Dia das crianças, um dia no Parque Santa Madalena
O ano é 2018, estamos caminhando para o segundo mês da primavera. O Brasil dentro de algumas semanas escolherá seu novo presidente.
Minha esposa e eu acordamos, oramos, lemos a bíblia e fomos até uma loja de conveniência que fica em um posto de gasolina na nossa rua e tomamos nosso café da manhã lá.
Após tomarmos café encontramos os voluntários na estação, caras felizes, animadas, todos pareciam ansiosos para chegar ao destino final. Da estação do metrô fomos de ônibus até o número dez mil e oitocentos de uma das maiores avenidas da América Latina, a avenida Sapopemba.
Durante o trajeto, muita conversa, brincadeiras e todos continuavam animados.

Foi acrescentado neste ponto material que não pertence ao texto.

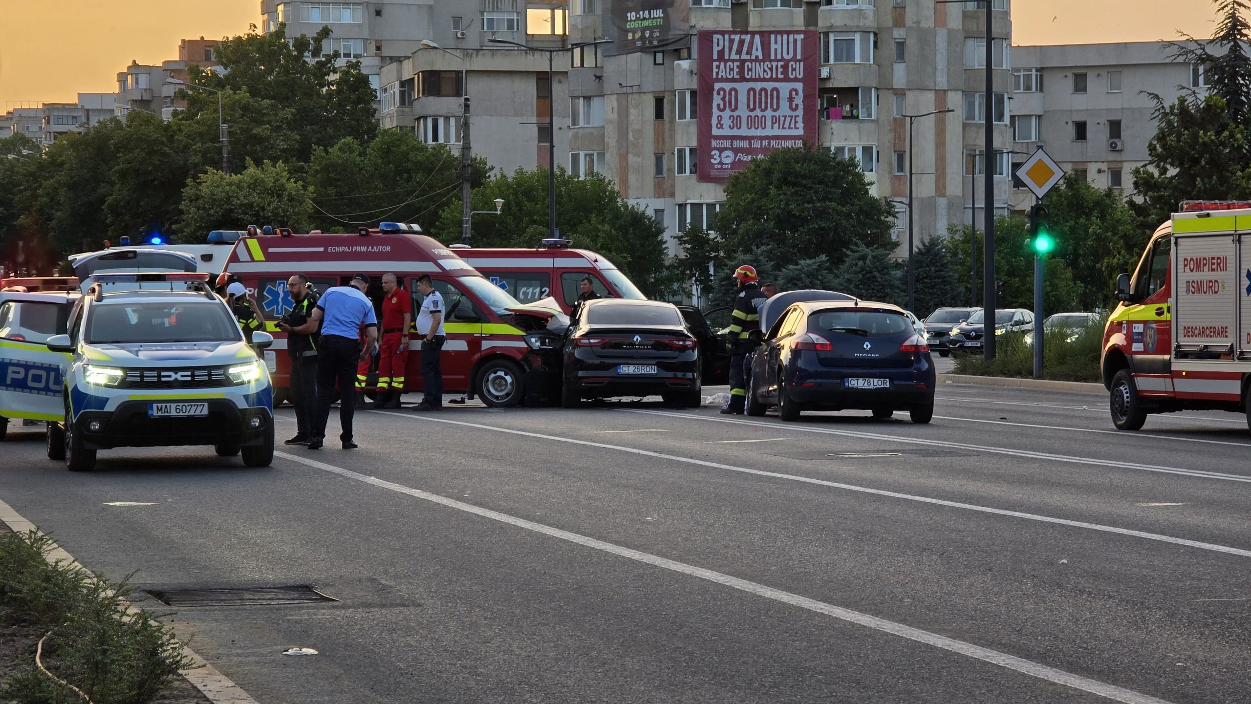 Pompierii din cadrul ISU Dobrogea au fost solicitați să intervină în această seara la un accident rutier produs în Constanța, la intersecția bulevardelor Alexandru Lăpușneanu și Tomis.

Encontramos mais alguns voluntários em frente a uma padaria na avenida Sapopemba, dali partimos a pé com destino à comunidade que vive no Parque Santa Madalena.
Caminhamos alguns metros e nos deparamos com uma rua inundada de lixo, muitos papéis, copos descartáveis, garrafas quebradas, tudo isso em frente a uma escola mal cuidada, onde alguns garotos brincavam na quadra de esportes.
A cena parecia pós apocalipse, mas era pós baile funk. “Navegamos” pelo mar de lixo, descemos mais uma rua e entramos em um beco estreito malcheiroso com alguns pontos marcados por fezes. Ao final do beco encontramos uma área mais ampla com algumas pessoas, de um lado um boteco e do outro um prédio onde receberíamos algumas crianças e algumas mulheres da comunidade.
Na primeira sala que entramos deparamos com uma mulher que nos recebeu com um sorriso largo no rosto e com longas gargalhadas, era a líder da comunidade, uma das responsáveis pelo evento. Nos deparamos com um imenso bolo coberto com chocolate e as moscas por vezes tentavam pousar sobre aquela superfície chamativa, mas logo alguma mão as expulsava de lá.
Entramos em outra sala e encontramos outros voluntários organizando as roupas que seriam doadas, preparando a comida e tomamos parte no trabalho.
O Chaves, o Kiko e a Chiquinha “também vieram” para o evento e começaram a receber as crianças com muita alegria. As mulheres da comunidade começaram a chegar e escolher as roupas.
Enquanto isso eu saí do salão e me deparei com dois meninos sentados nas escadas, eles aparentavam ter cerca de dez ou onze anos no máximo, então eles pegam o seu brinquedo, afinal era 12 de outubro, dia das crianças!
Eles começaram a manusear o seu brinquedo e o compartilhavam entre si, eles se divertiam. Era um objeto fino alongado no qual era acoplado um cigarro e os meninos puxavam a fumaça e se divertiam fazendo-a sair pelas narinas e pela boca. A brincadeira deles causou em mim um misto de desespero, tristeza, angústia e revolta.
Que futuro estaria reservado àquelas crianças?
Eu já tinha ouvido falar, mas descobri com meus próprios olhos, que no meu país algumas crianças fumam, bebem, usam drogas e morrem jovens. Tão jovens que nunca serão jovens.
Descobri que em meu país muitas crianças não brincam com brinquedos tão legais como os que eu tive na minha infância.
Eu descobri que muitas crianças do meu país tiveram a sua infância e inocência roubadas antes do tempo e que nunca foram crianças.
Eu descobri que a meritocracia nunca visitou o beco da morte, nem nunca brincou com crianças que morrem antes do tempo.
Eu descobri que a vida dá caminhos e tempos diferentes à morte.
Eu descobri que minha infância foi rica e que quem eu sou hoje não é mérito meu.
Em seguida vi aqueles mesmos meninos entrarem no salão e se juntarem às outras crianças e brincarem, estavam se divertindo com o Kiko, o Chaves e a Chiquinha. Eles trocaram a fumaça do cachimbo por doces, bexigas e brinquedos de crianças.
Eu vi o brilho de uma criança de volta aos olhos deles. Talvez eu nunca os verei novamente, mas eu descobri algo mágico que aliviou a minha angústia, eu descobri que enquanto existir uma criança dentro de cada um haverá esperança.
Por mais que esteja cercada por uma realidade cruel, a imaginação de uma criança é mais poderosa que a realidade.
A fantasia alivia as dores de crianças esquecidas por adultos que vivem no mundo real.
Eu descobri que preciso manter viva a minha criança dentro de mim, pois, uma criança jamais abandona outra criança.
Eu quero ser uma criança, “levando esperança, deixando um sorriso, dando o melhor da vida”…
Adultos solucionam problemas, uma criança muda o mundo!